Customer feedback

How to run an NPS survey

The 0–10 loyalty question the whole industry uses. Here's the full loop: when to send it, how to word the follow-up, how to calculate the score, and what to actually do with promoters, passives, and detractors.

10 min read·Updated April 16, 2026

Key takeaways

  • Ask the standard question: 'How likely are you to recommend us to a friend or colleague?' on a 0–10 scale.
  • Send 30–90 days after a meaningful interaction — not immediately after signup.
  • Always pair the score with a 'why' comment field.
  • NPS = %promoters (9–10) − %detractors (0–6). Passives (7–8) don't count.
  • Quarterly cadence. Monthly creates fatigue; annual misses regressions.

What NPS actually measures

Net Promoter Score is a single-question survey that scores customer loyalty on a −100 to +100 scale. It was introduced in 2003 and has become the de facto cross-industry benchmark, which is its superpower: your 42 is comparable to another company's 42 in a way that proprietary scores aren't.

What it doesn't measure: any single interaction, feature quality, or price sensitivity. NPS is a pulse on the whole relationship — use CSAT for per-ticket satisfaction and CES for perceived effort.

How to set it up in under 10 minutes

  1. 1

    Copy the standard question

    Use 'How likely are you to recommend us to a friend or colleague?' verbatim. Substituting words ('our product', 'our service') is fine, but don't paraphrase — the standardisation is the point.

  2. 2

    Pick your scale

    0–10, always. Scales with 5 or 7 points aren't NPS and can't be compared to NPS benchmarks. Include both 0 and 10 — some platforms drop one or the other and the resulting score is wrong.

  3. 3

    Add a follow-up field

    'What's the most important reason for your score?' as an optional free-text field. The comment is often more valuable than the number — it tells you why the number is the number.

  4. 4

    Choose the send trigger

    30–90 days after signup or first meaningful use is the common rule. Don't send to users who haven't had a chance to form an opinion. For B2B, send after onboarding completes or after the first renewal.

  5. 5

    Send it

    Email is the default channel. In-product works if you can trigger it after a successful action (not an error state). SMS works for mobile-first products. Keep the message to one sentence — the question is the point.
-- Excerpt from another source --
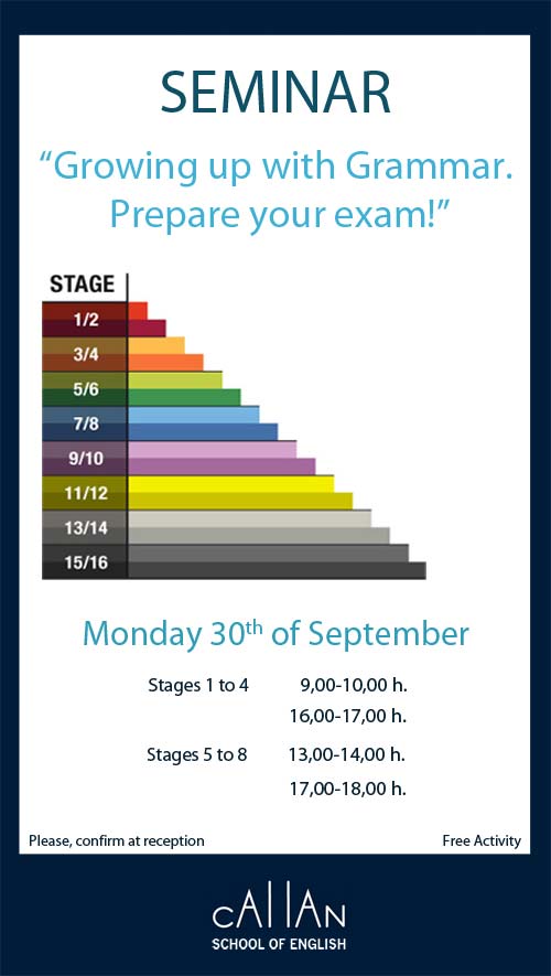 Barcelona Callan students can prepare their examinations in English Courses, sessions that we have organized for our next seminar: “Growing up with grammar. Prepare your Exam”.

How to calculate the score

Bucket every response: 9 or 10 is a promoter, 7 or 8 is a passive, 0 through 6 is a detractor. The score is: (% promoters) − (% detractors). Passives count toward the total but not the calculation. The result is a number between −100 and +100.

Worked example: 100 responses, 60 promoters, 20 passives, 20 detractors. NPS = 60% − 20% = +40. If you had 30 detractors, NPS = 60 − 30 = +30. A single detractor shift changes the number more than most people expect — which is why sample size matters.

What to do with the answers

  • Promoters (9–10): ask them for a public review, a referral, or a testimonial. They'll say yes more than you expect.
  • Passives (7–8): treat as at-risk. A passive today is a detractor after one bad interaction. Follow up with a short 'what would take this from a 7 to a 9?' question.
  • Detractors (0–6): route to a human. Not a support bot, not a ticket. A real reply within 24 hours reduces churn risk and often uncovers a systemic issue.
  • Share the aggregate trend internally every quarter. Shipping a product change without noting its NPS impact is a missed feedback loop.

Common mistakes

Sending too early. A user who signed up yesterday cannot meaningfully answer a loyalty question. Wait until they've experienced the product. Sending too often. Quarterly is the sweet spot; anything more frequent trains users to ignore the ask. Treating the number as the goal. NPS is a lagging indicator — chasing it directly leads to gaming (bribing promoters, filtering out detractors) that kills the signal you set up to measure.

Ready to try it

NPS survey template

Measure customer loyalty with a classic Net Promoter Score question.

Frequently asked questions

What's a 'good' NPS score?

Heavily industry-dependent. For most B2B SaaS, anything above +30 is solid, above +50 is excellent. Consumer apps tend to sit lower. The most useful comparison is your own trend over time, not external benchmarks.

How often should I run NPS?

Quarterly is the industry standard and usually the right answer. Monthly creates survey fatigue and day-of-send noise outweighs signal. Annual misses regressions. Some teams run a continuous trickle (e.g. 5% of users each week) to get trend data without a quarterly spike.

Should I exclude new users?

Yes — users with less than 30 days of tenure haven't had a chance to form a loyalty opinion. Their answer is closer to 'first impression' than NPS. Either exclude them or bucket them separately.

Can I run NPS on a free plan?

Yes, but segment the result. Free users' NPS tells you about perceived value of the free product; paid users' NPS tells you about the full product. Don't average them.